Son dönemlerde gazete ve dergilerde, internette sıkça yer alan gezegen dizilimleri hakkında daha önceki yazılarımda bilgiler vermiştim. Ama bu konudaki endişe ve korkular o denli yoğunlaştı ki, ayrıca bir yazı hazırlamak adeta farz oldu. Önemli zamanlardan geçtiğimiz su götürmez bir gerçek. Şimdi önümüzdeki süreci astrolojik pencereden değerlendirelim…

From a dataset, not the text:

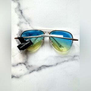 NEW WITH TAGS Foster Grant Aviator Gold Frame Rimless Blue Fade Sunglasses

Akrep Burcunda Etkin Dolunay
17 Mayıs 2011 tarihinde 26 derece 13 dakika Akrep burcunda dolunay gerçekleşiyor. Kişisel kanımca 2011 yılının en güçlü ve etkin dolunayını deneyimleyeceğiz. Tabii hem pozitif, hem negatif etkenler devrede olacak. Enerjinin pozitif tarafında mı, yoksa negatif tarafında mı olacağımız bizim tercihlerimizle yönlenecek. Pozitif ve negatif davranışlarımızın sonuçlarıyla çok hızlı bir şekilde karşılaşacağız. Yani artık ettiğimizi çarçabuk bulacağız!
Akrep burcundaki dolunaylar duyguların en çalkantılı olduğu dönemlerdir. Ama bir o kadar da sezgilerin güçlü olduğu, duyguların derinleştiği, konsantrasyonun arttığı dönemlerdir. Özellikle güneş-merkezli bakıldığında, ardı ardına etkin gezegen dizilimlerinin oluşacağı dolunay sonrasındaki birkaç günlük süreçte, bizi büyük değişimlere yöneltecek ve önemli dersler almamız gerektirecek durumlar ortaya çıkabilir. Öte yandan, tutkulu bir şekilde istersek, bu isteklerimizi engelleyecek durumları daha güçlü bir şekilde aşabiliriz. Pek çok ezoterik ve ruhsal gruplar tarafından Güneş’in Boğa ve Ay’ın Akrep burcunda bulunduğu dolunaylar özellikle güçlü bulunur.
Dolunay zamanları özellikle güç dolu, dünya ve ruhsal alemler arasında yoğun enerji akışının olduğu zamanlardır. İnsanlığın iyiliği için yapacağımız girişim, zikir, dua ve meditasyonların da çok etkin olacağı, tefekkür ve yoğunlaşma çalışması yapmak için mükemmel bir zaman aralığındayız. Dolunay zamanlarında insan metabolizmasını etkileyen yerçekimsel baskıları dengelemek açısından tutulan oruç da sağlıklı bulunur.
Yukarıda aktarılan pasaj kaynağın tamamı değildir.